In one embodiment, preferably, the emergency event includes a nuclear biochemical emergency event, and the target emergency event type includes any one of the following: highly infectious viruses, biological toxins, biological pathogens, nerve agents, asphyxiating stimulants, erosive agents, systemic toxicants, intrinsic and exposure nuclear events, extrinsic exposure nuclear events and extrinsic exposure nuclear events, the target grade comprising: light grade, medium grade and heavy grade.
In one embodiment, preferably, the electronic medical record information includes: gender, age, medical history, exam report information, heart rate information, blood oxygen saturation information, respiratory rate, blood pressure, and body temperature.
In one embodiment, preferably, the emergency classification model includes a first-layer classification model and a second-layer classification model;
predicting a target emergency type corresponding to the first-aid wounded person by using the first-layer classification model and the electronic medical record information;
predicting a target level of the emergency responder under the target incident type using the two-layer classification model and the electronic medical record information.
In one embodiment, preferably, the training process of the emergency classification model includes:
acquiring medical record information and diagnosis information of patients with different historical emergencies;
identifying entities and entity relations in the medical record information by using an NLP information extraction method so as to perform structural processing on the medical record information to obtain the medical record information after the structural processing;
extracting all medical record features from the medical record information after the structured processing, processing abnormal values and missing values, selecting target medical record features with probability values smaller than a preset value as training features by using single factor analysis of statistical analysis, and putting the training features into a training feature set;
normalizing each training feature in the training feature set, and splicing into sample input data;
performing model training according to the sample input data, the emergency type in the diagnostic information and a convolutional neural network model to obtain the first-layer classification model;
performing model training according to the sample input data, the emergency type in the diagnosis information and a plurality of level classification models to obtain the two-layer classification model;
in one embodiment, preferably, the plurality of level classification models include an XGBoost model, a random forest model, a support vector machine model, and a logistic regression model, and the apparatus further includes:
the calculation module is used for calculating the model accuracy rate predicted by each level classification model and determining the target level classification model with the highest model accuracy rate as the optimal model;
and the result determining module is used for taking the prediction result of the optimal model as the final prediction result of the two-layer classification model.
In one embodiment, preferably, performing model training according to the sample input data, the emergency event type in the diagnostic information, and a convolutional neural network model to obtain the top-layer classification model includes:
inputting the sample input data into a convolutional layer to obtain a first output result;
inputting the first output result into a pooling layer to obtain a second output result;
inputting the second output result to a full connection layer to obtain a third output result;
outputting the third output result to an integrated classifier to obtain an output result, wherein the output result comprises probability values of various emergency events;
and the output layer outputs the emergency type with the highest probability value, wherein the emergency type with the highest probability value is the target emergency type.

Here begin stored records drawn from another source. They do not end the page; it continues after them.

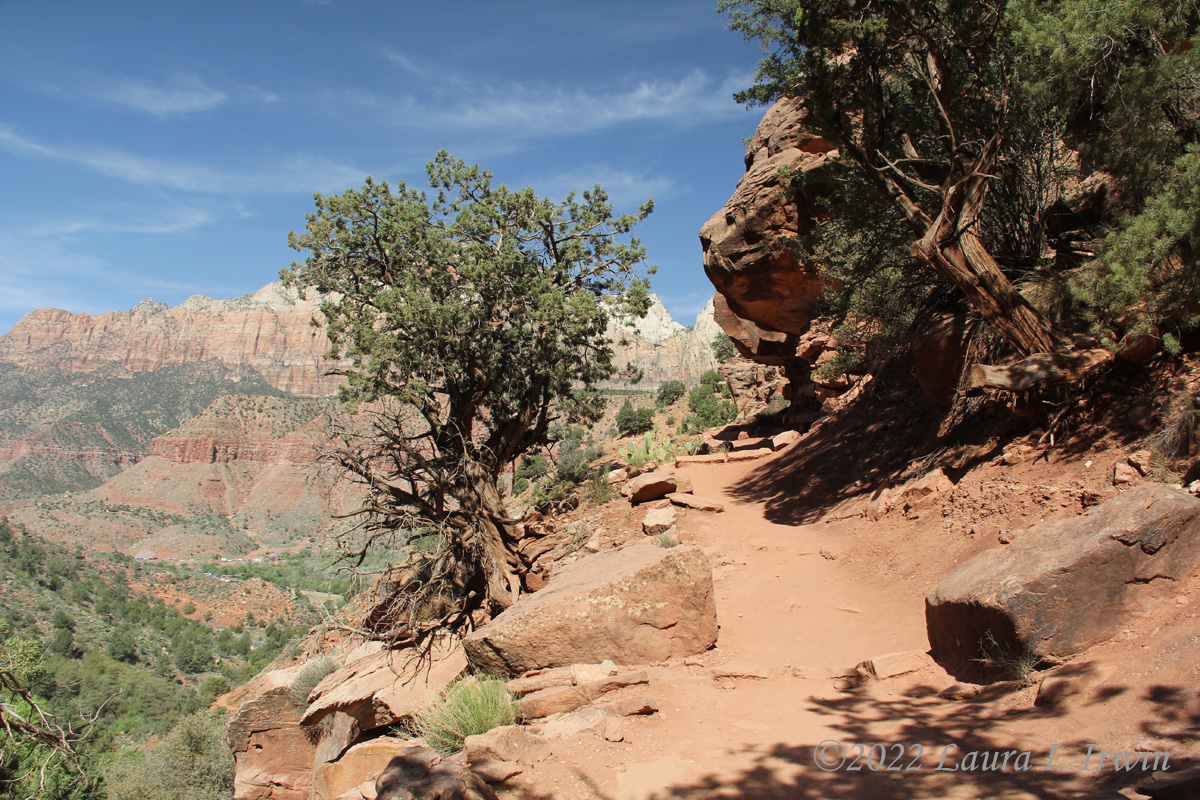The Watchman Trail travels 1.5 miles from the Visitor Center to a viewpoint overlooking the iconic Watchman rock formation. While not the most impressive hike in the park, with the sun now high in the sky, it was both hot and tiring. The trail climbs steadily up, through a series of switchbacks and curves, to its highest point. A 0.3 mile loop at the top affords views over Springdale and the entrance to Zion Canyon.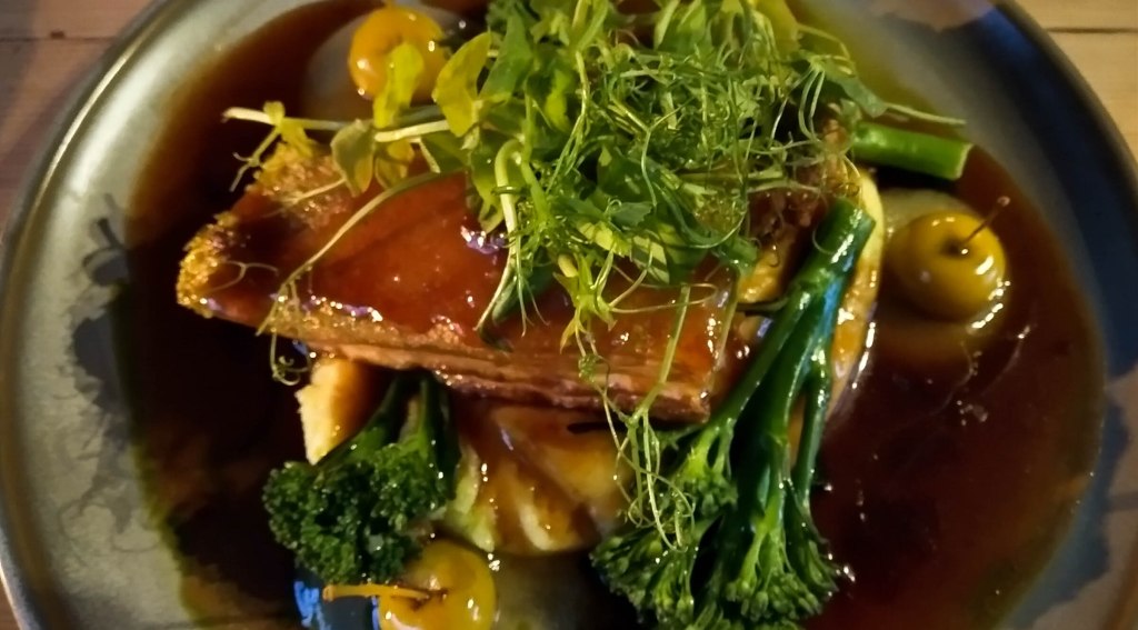 There is an online bar menu which we had previously perused and a selection of specials. Mrs Wanderer chose the Tandoori Halibut Kiev with Bombay saag aloo, spiced mango chutney, pickled carrots, edible flowers and herb oil off the specials menu and I opted for the Cider Braised Belly Pork from the bar menu. This came with creamed mashed potatoes, a sumptuous black pudding croquette, roasted baby apples the size of ten-pence pieces, burnt apple puree and tenderstem broccoli.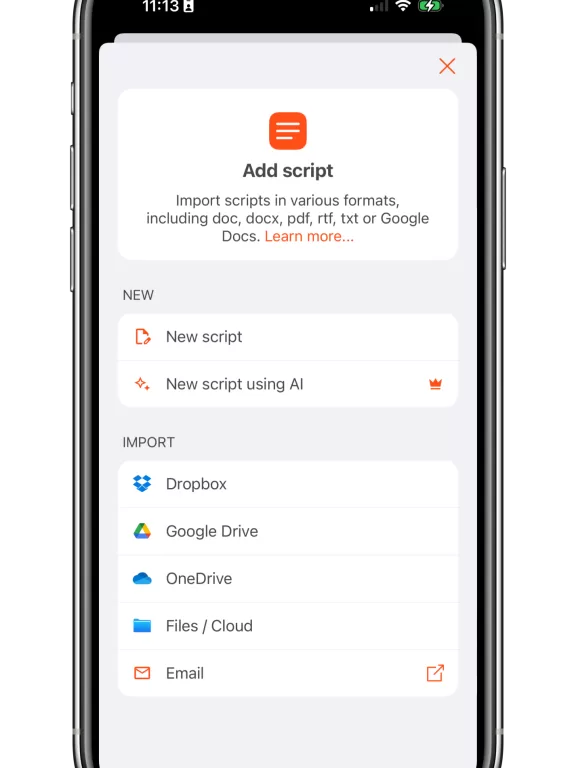 To import from iCloud, please follow the instructions for importing scripts from the Files app.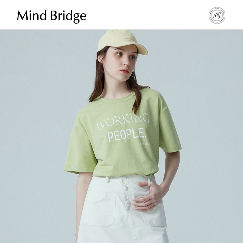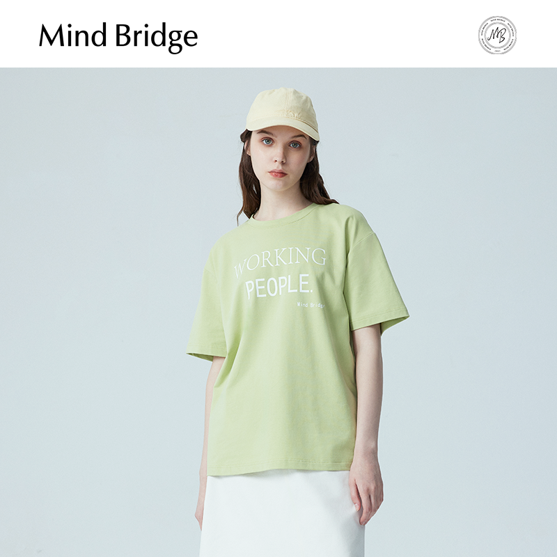 MB MindBridge百家好夏季圆领短袖宽松T恤女士字母印花休闲上衣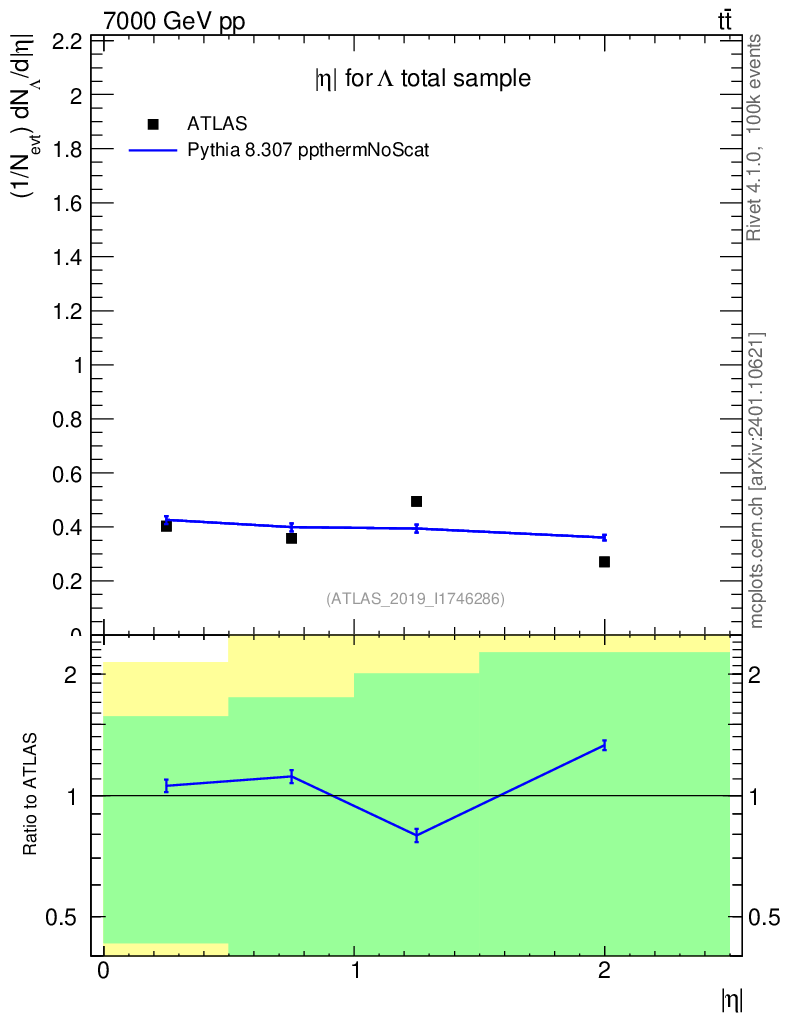 Lines: data, pythia8 8.307 ppthermNoScat |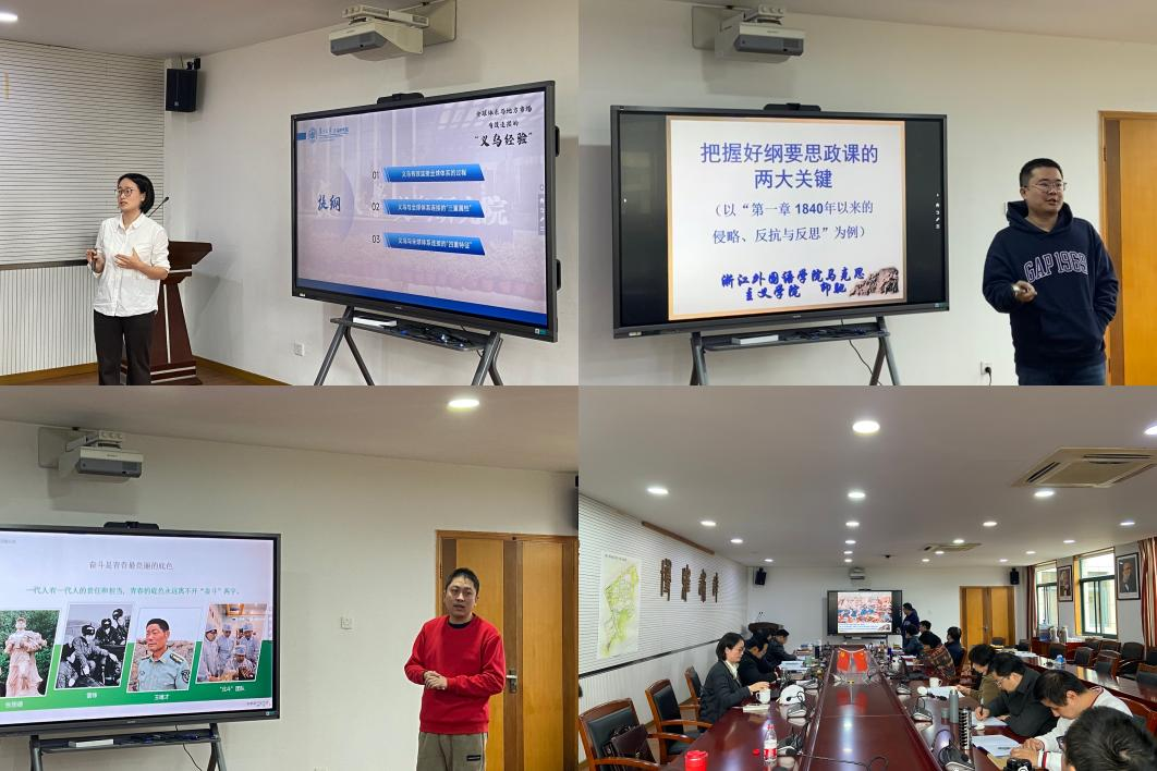 学院聚焦课程建设,先后成功获批《青年学子学青年习近平学习教育》《毛泽东思想和中国特色社会主义理论体系概论》《中国近现代史纲要》等省一流课程。积极参与《习近平谈治国理政》“三进”工作,组织编撰“理论读本”供师生教学使用。根据思政课特点,总结提炼“中班授课+小班研讨+课堂展示”、“红色故事+浙江故事+案例研讨”、“互联网+思政课”等作为思政课教学改革的重点,创新思政课教学,增强学生获得感。近年来,学院获省级教学建设项目4项。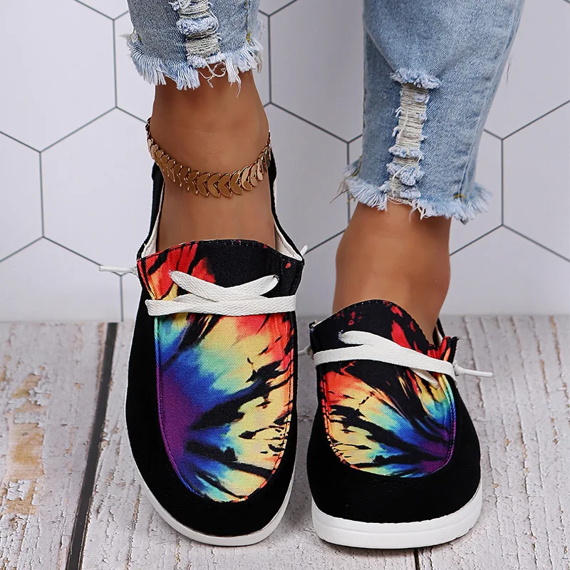Кроссовки женские с принтом на шнуровке, плоская подошва, без застежки, лодочки, прогулочная обувь, разноцветные, лето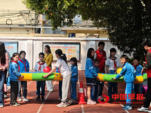 中国早报长沙讯(通讯员 黄鹏)3月27日,望麓园小学的操场上洋溢着欢声笑语,长沙市飞翔教育创新发展中心携手开福区望麓园街道富雅坪社区新时代文明实践站、望麓园小学共同组织开展了“逐梦绿茵 童趣无限”趣味运动会,旨在通过趣味横生的体育项目让孩子们在欢乐中锻炼身体,享受运动的乐趣,同时促进师生间、同学间的情感交流,充分展示学生们团结进取蓬勃向上的精神风貌。活动吸引了70余名学生积极参与,孩子们化身“运动小将”,在妙趣横生的团队游戏中挥洒汗水、释放活力,感受运动的快乐和团队合作的魅力。

According to a third aspect of the embodiments of the present invention, there is provided an emergency scenario recommendation apparatus for an emergency, the apparatus including:
a processor;
a memory for storing processor-executable instructions;
wherein the processor is configured to:
acquiring electronic medical record information of an emergency wounded person in the process of carrying out emergency treatment on the emergency wounded person;
determining a target emergency type corresponding to the first-aid wounded person and a target level under the target emergency type according to the electronic medical record information and a pre-trained emergency classification model;
and outputting a corresponding target emergency scheme according to the target emergency type and the target level.
According to a fourth aspect of embodiments of the present invention, there is provided a computer-readable storage medium having stored thereon computer instructions which, when executed by a processor, implement the steps of the method of any one of the first aspects.
It is further understood that the term "plurality" means two or more, and other terms are analogous. "and/or" describes the association relationship of the associated objects, meaning that there may be three relationships, e.g., a and/or B, which may mean: a exists alone, A and B exist simultaneously, and B exists alone. The character "/" generally indicates that the former and latter associated objects are in an "or" relationship. The singular forms "a", "an" and "the" are intended to include the plural forms as well, unless the context clearly indicates otherwise.
It will be further understood that the terms "first," "second," and the like are used to describe various information and that such information should not be limited by these terms. These terms are only used to distinguish one type of information from another, and do not indicate a particular order or degree of importance. Indeed, the terms "first," "second," and the like are fully interchangeable. For example, first information may also be referred to as second information, and similarly, second information may also be referred to as first information, without departing from the scope of the present invention.
It will be further appreciated that while operations are depicted in the drawings in a particular order, this should not be understood as requiring that such operations be performed in the particular order shown or in serial order, or that all illustrated operations be performed, to achieve desirable results. In certain environments, multitasking and parallel processing may be advantageous.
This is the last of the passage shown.